Provided data START
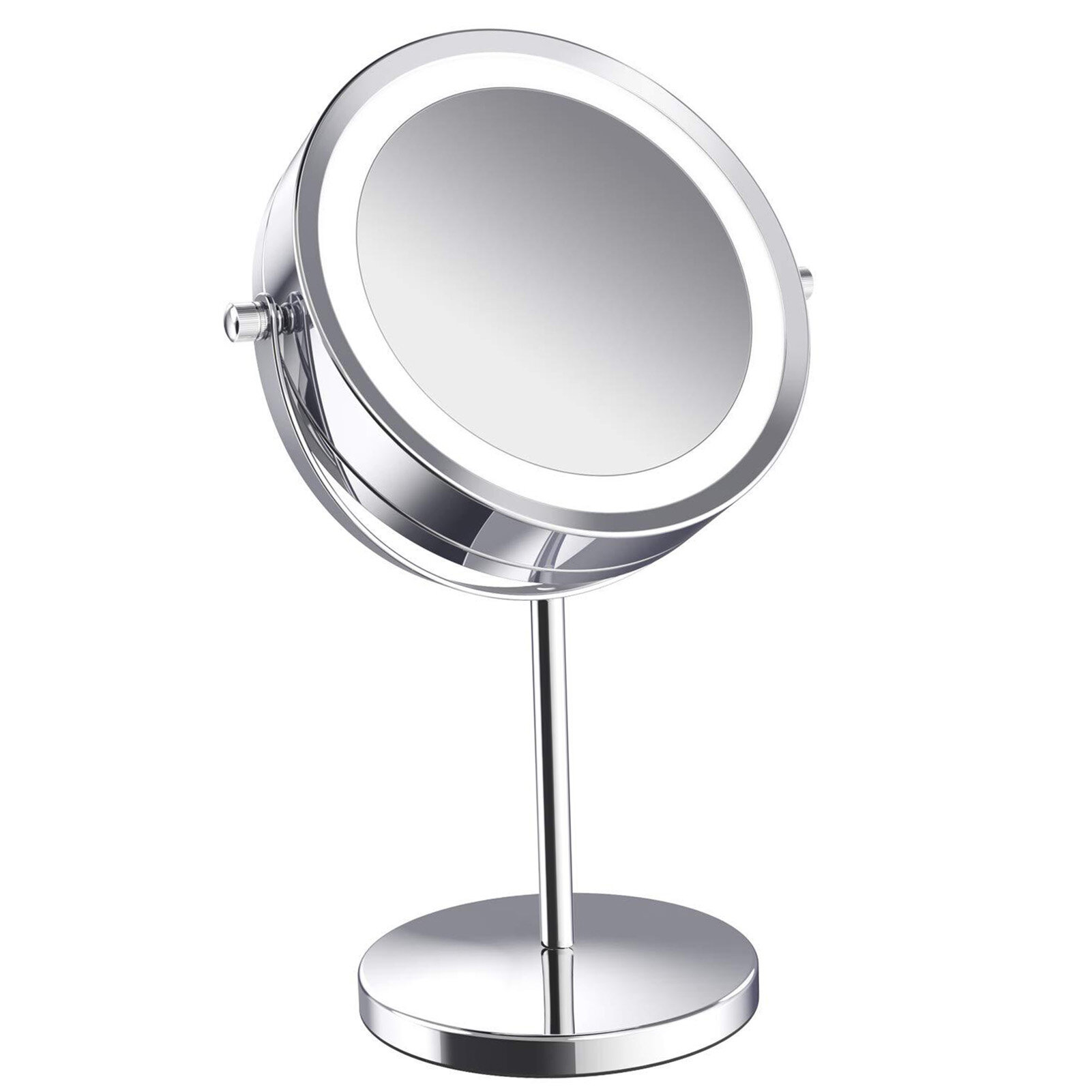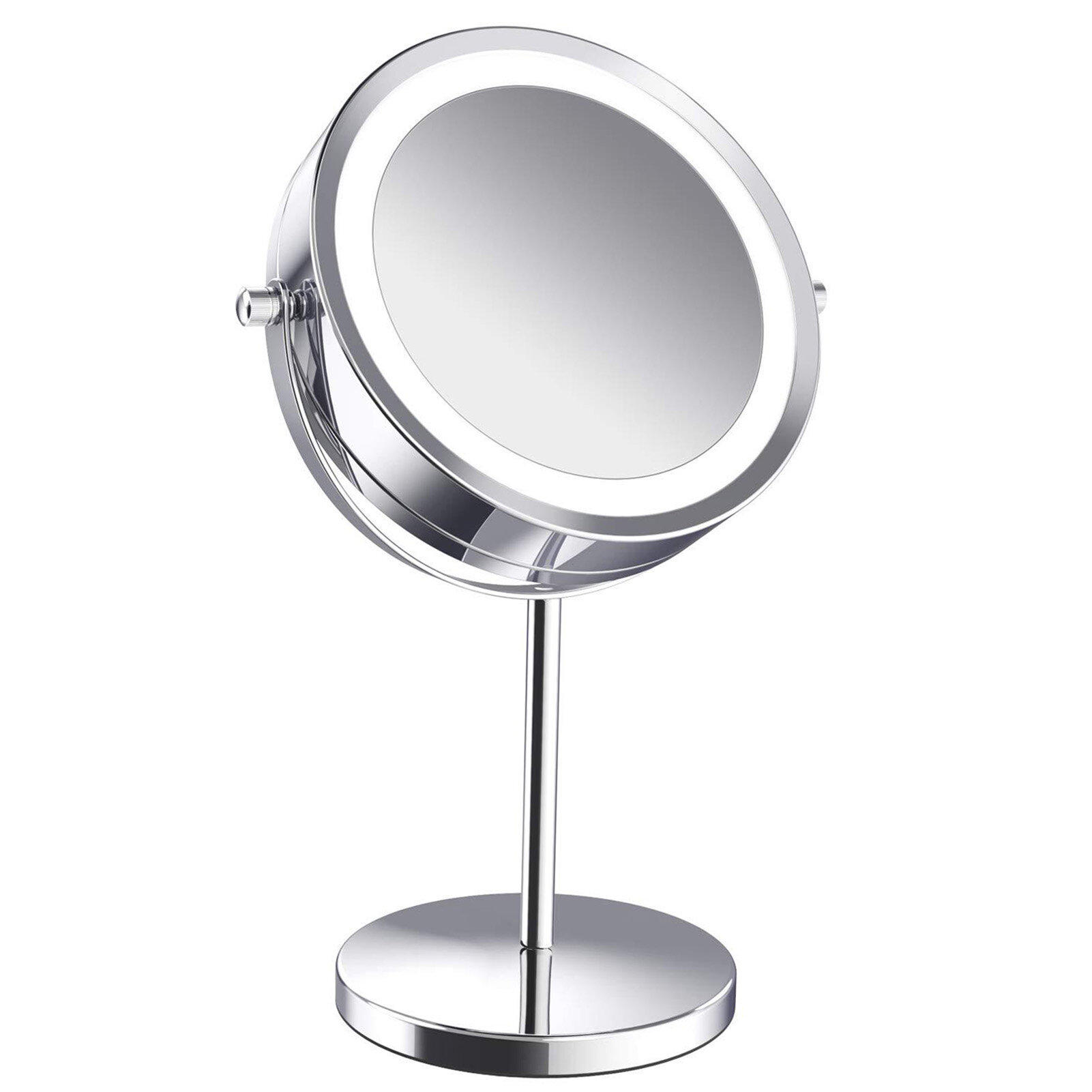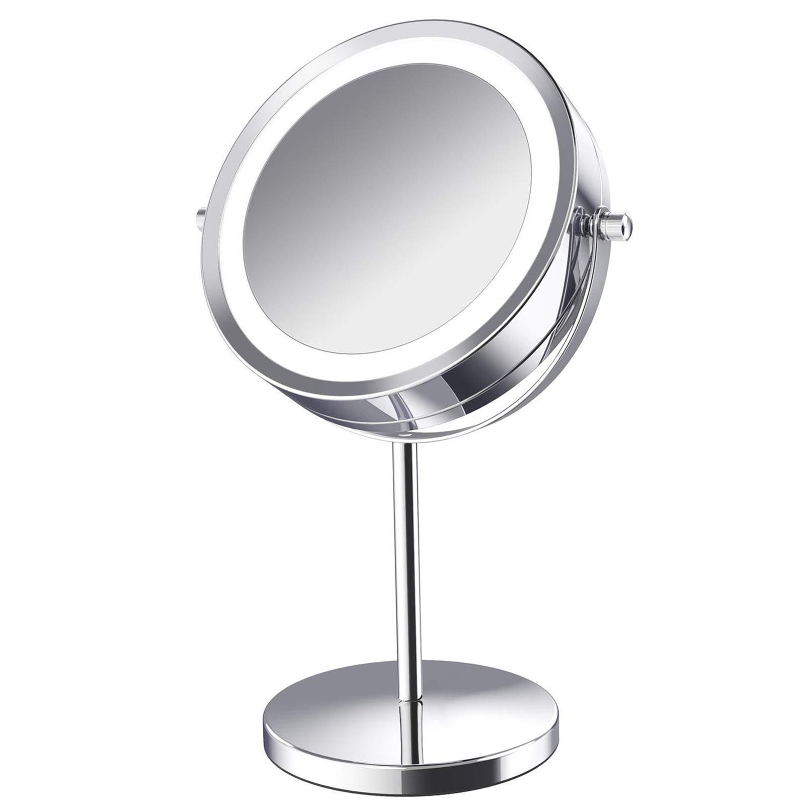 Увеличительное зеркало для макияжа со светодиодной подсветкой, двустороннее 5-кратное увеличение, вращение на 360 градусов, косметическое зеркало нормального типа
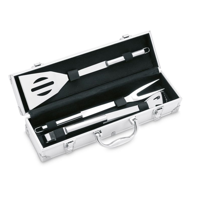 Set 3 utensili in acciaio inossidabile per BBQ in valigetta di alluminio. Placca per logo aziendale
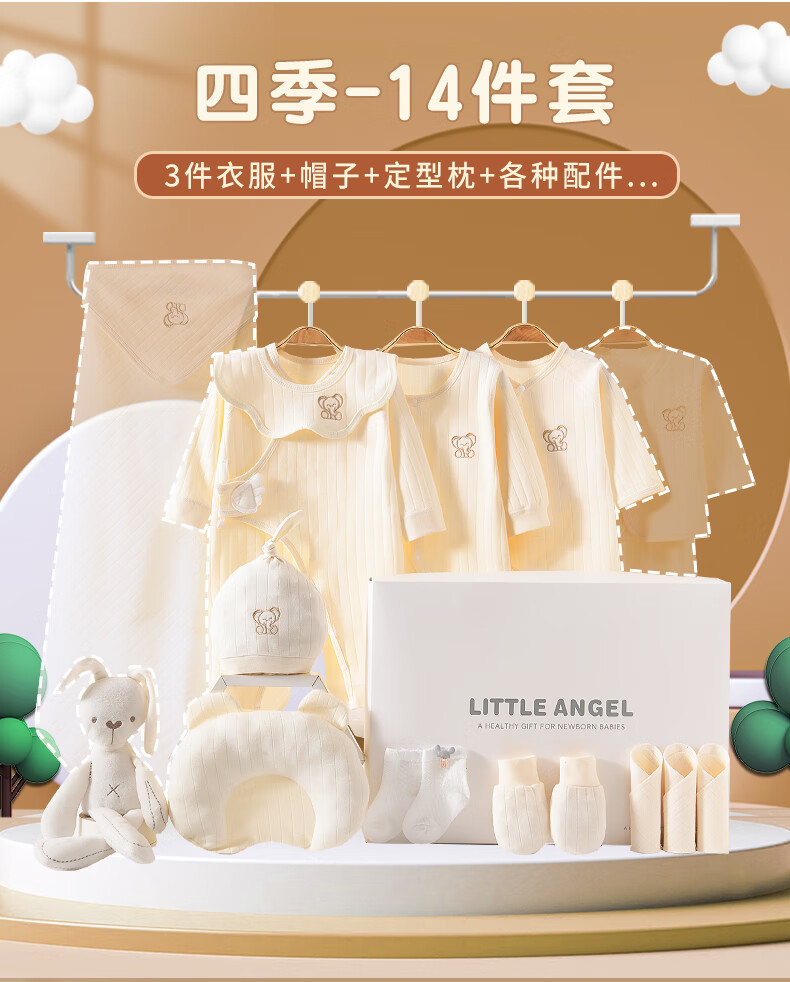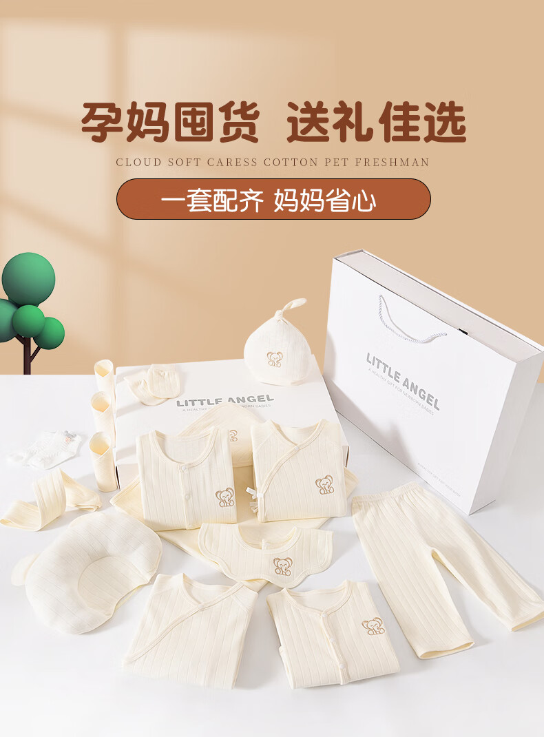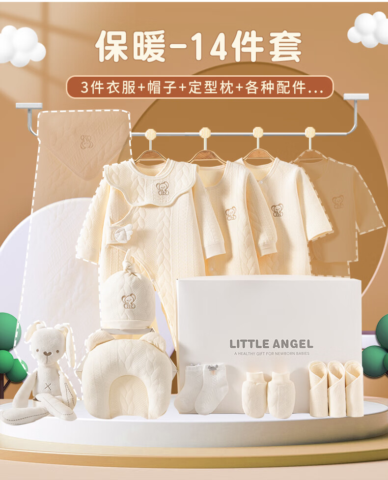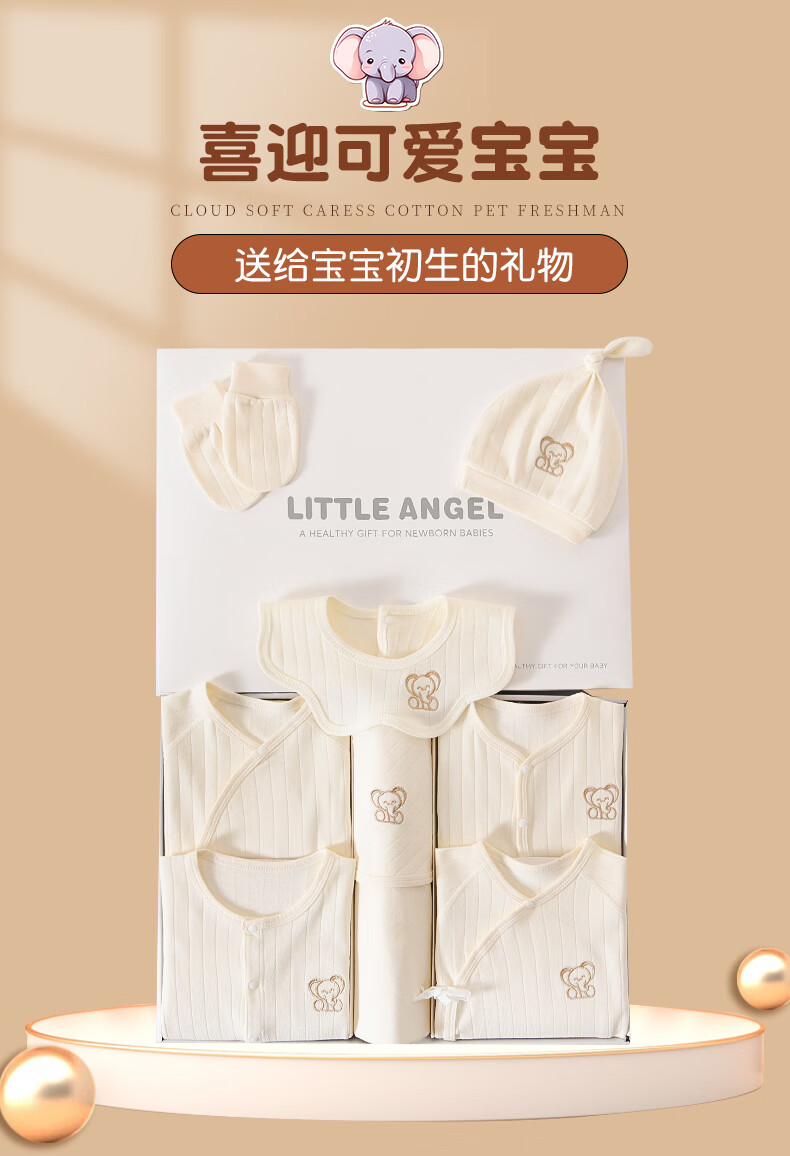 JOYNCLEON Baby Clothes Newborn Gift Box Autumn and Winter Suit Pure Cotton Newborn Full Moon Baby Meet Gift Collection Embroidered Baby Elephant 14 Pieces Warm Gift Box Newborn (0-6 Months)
Provided data END
Goal of the exercise: Print the listing again exactly, please. Keep the pictures out of it.

The completed task:
 Увеличительное зеркало для макияжа со светодиодной подсветкой, двустороннее 5-кратное увеличение, вращение на 360 градусов, косметическое зеркало нормального типа
 Set 3 utensili in acciaio inossidabile per BBQ in valigetta di alluminio. Placca per logo aziendale
 JOYNCLEON Baby Clothes Newborn Gift Box Autumn and Winter Suit Pure Cotton Newborn Full Moon Baby Meet Gift Collection Embroidered Baby Elephant 14 Pieces Warm Gift Box Newborn (0-6 Months)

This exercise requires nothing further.